Danish political magazine (1963–1987)

Politisk Revy (Political Review) was a Danish bi-weekly political magazine with new left tendency which existed between 1963 and 1987. The magazine was named after the 1920s critical magazine, Critical Revue.

==History==
Politisk Revy, a bi-weekly magazine, was founded in 1963 by Andreas Jorgensen, a left-wing politician. The other founders were Socialist People's Party members and journalists who had worked for defunct Dialogue magazine.

Politisk Revy was based in Copenhagen and was published by København. The early the editors of the magazine included Andreas Jorgensen, Johan Fjord Jensen, Ulf Christiansen and Sven Skovmand who left the magazine after 1966. Ebbe Kløvedal Reich and Ole Grünbaum were two of its columnists following this period. The former also served as editor of the bi-weekly for one year at the end of the 1960s.

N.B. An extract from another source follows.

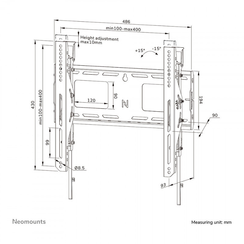 "Neomounts WL35-750BL14 Heavy duty wall mount 42-75"" - tilt - lockable - fast installation - TÜV. Maximum weight capacity: 100 kg, Minimum screen size: 106.7 cm (42""), Maximum screen size: 190.5 cm (75""), Minimum VESA mount: 100 x 100 mm, Maximum VESA mount: 400 x 400 mm. Height adjustment range: 0 - 10 mm, Tilt angle range: -15 - 15°, Distance to the wall (max): 9.3 cm. Product colour: Black"\n"The Neomounts WL35-750BL14 LEVEL is the ultimate tiltable solution for securely mounting an interactive or heavy weight display up to 75"" with a maximum capacity of 100 kg. The toolless tilt adjustment (+15°/-15°) allows you to create the optimum viewing angle. This heavy-duty wall mount features a sturdy high profile wall plate and is engineered for stability and precision, ensuring your screen is securely mounted even on uneven surfaces. The mount features individual adjustable brackets (10 mm) for securely adjusting the display height or levelling it.
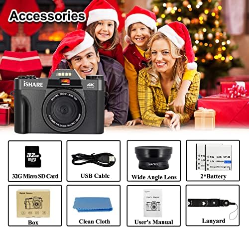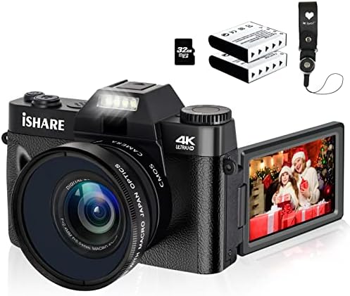 Home Electronics Camera ISHARE Digital Camera for Photography 48MP Vlogging Camera, 4K Video Camera for YouTube with WiFi, 3.0 Inch Flip Screen, 16X Digital Zoom Camcorder with 32GB Micro Card

Karen Jespersen, former interior minister, served as the editor of Politisk Revy from 1974 to 1977. Bente Hansen is another former editor-in-chief of the magazine.

Politisk Revy reached its peak circulation in the 1970s with 5,000 copies. During this period the magazine was one of the alternative media together with Information, a newspaper, in Denmark.

The magazine was closed in March 1987 due to low levels of circulation and shaky finances. In 1969 the magazine also began to publish books of which number was 507 until its disestablishment.

==Political leaning, content and censorship==
Politisk Ravy was not affiliated to any political party or organization. However, in the late 1960s and in the 1970s the magazine functioned as a forum for the new left in Denmark. In addition, people adopted the views of the new left in the country were organized around the magazine. The magazine provided a very theoretical approach towards the leftist ideas. From 1966 the magazine began to publish articles about the role of Cuba as a driving force in Third World revolutionary activities.

Ebbe Kløvedal Reich's editorials in the magazine were mostly about the criticism of the Vietnam War. The Danish transition of the poems by Mahmoud Darwish, a Palestinian writer, were featured in Politisk Revy in 1967. It also contained many articles about the Palestinian crisis which led to its emergence as a leftist cause in Denmark. However, some contributors of Politisk Revy began to challenge the use of violence as a strategy by the Palestinian groups, particularly by the Popular Front for the Liberation of Palestine, after 1972.

In 1969, the Danish police seized the magazine's forthcoming issue for allegedly containing secret military information. The magazine published an editorial in Autumn 1970, arguing that Greenland should have a socialist government.